### About this task:
Take the entries below and print only the lines from the one with "Busana Batik Solo" through the one with "Lampe de bureau avec", exactly as they stand, both ends included.

### Records for the exercise:
-.-.-
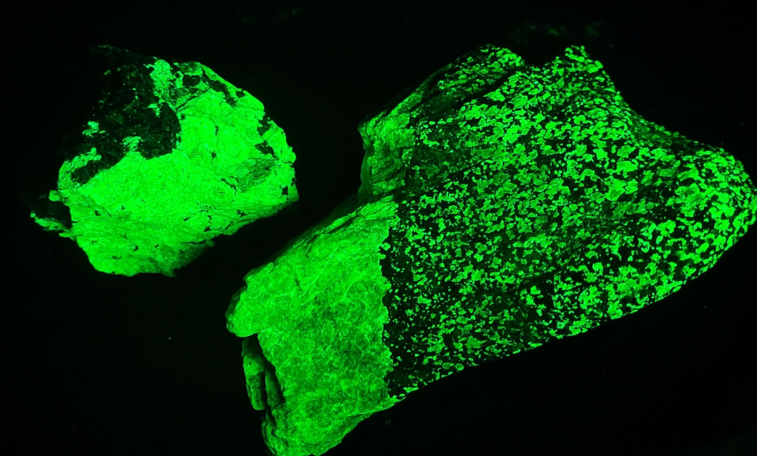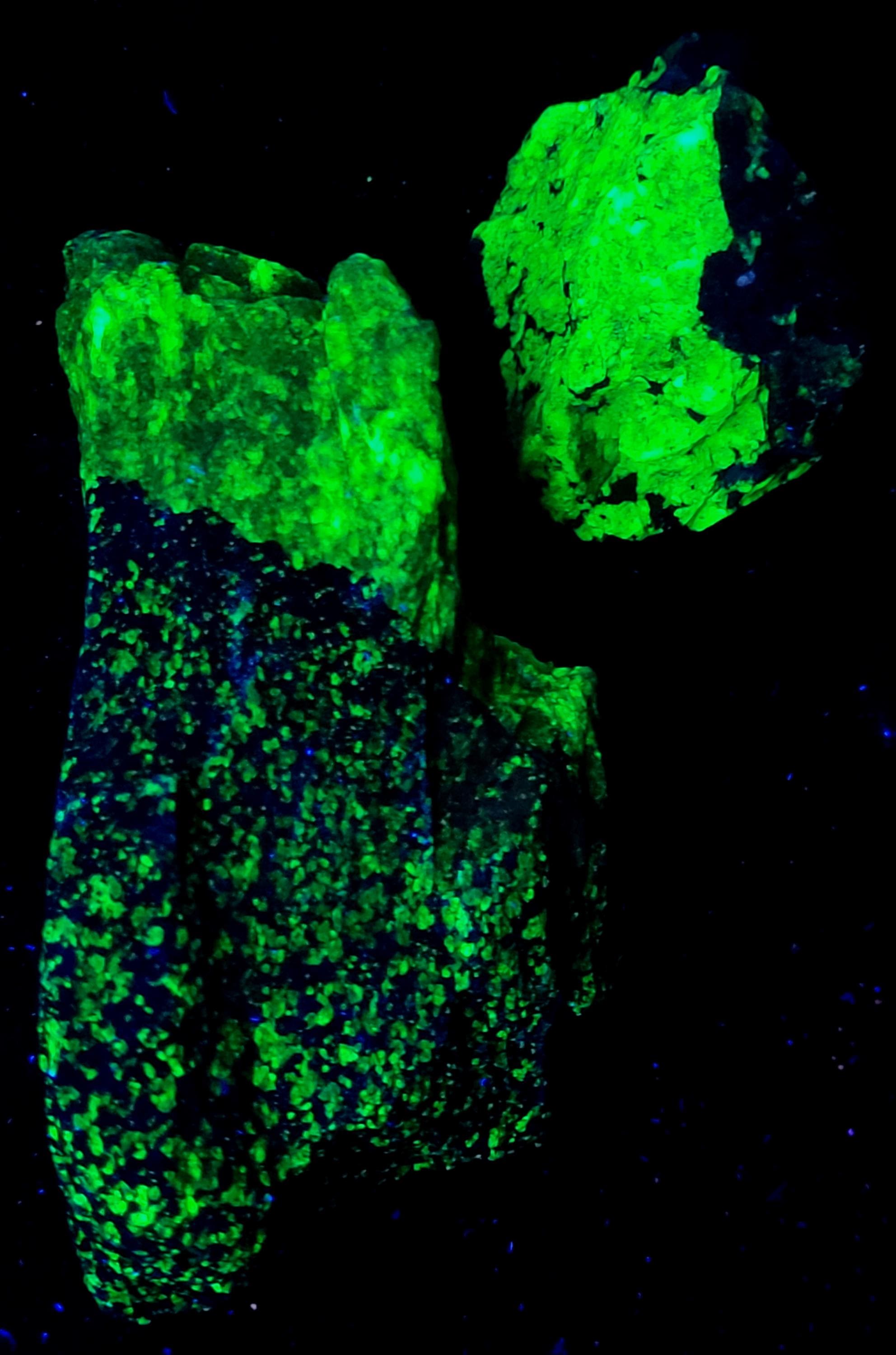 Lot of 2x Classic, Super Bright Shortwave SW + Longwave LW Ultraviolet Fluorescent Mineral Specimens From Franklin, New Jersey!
-.-.-
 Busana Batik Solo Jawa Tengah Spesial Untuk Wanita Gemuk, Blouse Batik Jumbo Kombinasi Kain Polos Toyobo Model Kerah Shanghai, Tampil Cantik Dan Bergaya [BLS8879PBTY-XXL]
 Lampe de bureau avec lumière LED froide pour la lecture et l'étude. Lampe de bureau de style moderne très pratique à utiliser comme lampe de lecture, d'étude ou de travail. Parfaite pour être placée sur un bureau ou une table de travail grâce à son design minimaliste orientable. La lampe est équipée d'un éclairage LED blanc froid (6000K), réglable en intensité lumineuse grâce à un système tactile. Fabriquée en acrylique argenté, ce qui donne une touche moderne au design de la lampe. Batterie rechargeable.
-.-.-
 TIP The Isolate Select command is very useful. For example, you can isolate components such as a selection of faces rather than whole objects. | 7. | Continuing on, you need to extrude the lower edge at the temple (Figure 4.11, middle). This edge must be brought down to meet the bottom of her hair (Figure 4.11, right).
-.-.-
### Result:
 Busana Batik Solo Jawa Tengah Spesial Untuk Wanita Gemuk, Blouse Batik Jumbo Kombinasi Kain Polos Toyobo Model Kerah Shanghai, Tampil Cantik Dan Bergaya [BLS8879PBTY-XXL]
 Lampe de bureau avec lumière LED froide pour la lecture et l'étude. Lampe de bureau de style moderne très pratique à utiliser comme lampe de lecture, d'étude ou de travail. Parfaite pour être placée sur un bureau ou une table de travail grâce à son design minimaliste orientable. La lampe est équipée d'un éclairage LED blanc froid (6000K), réglable en intensité lumineuse grâce à un système tactile. Fabriquée en acrylique argenté, ce qui donne une touche moderne au design de la lampe. Batterie rechargeable.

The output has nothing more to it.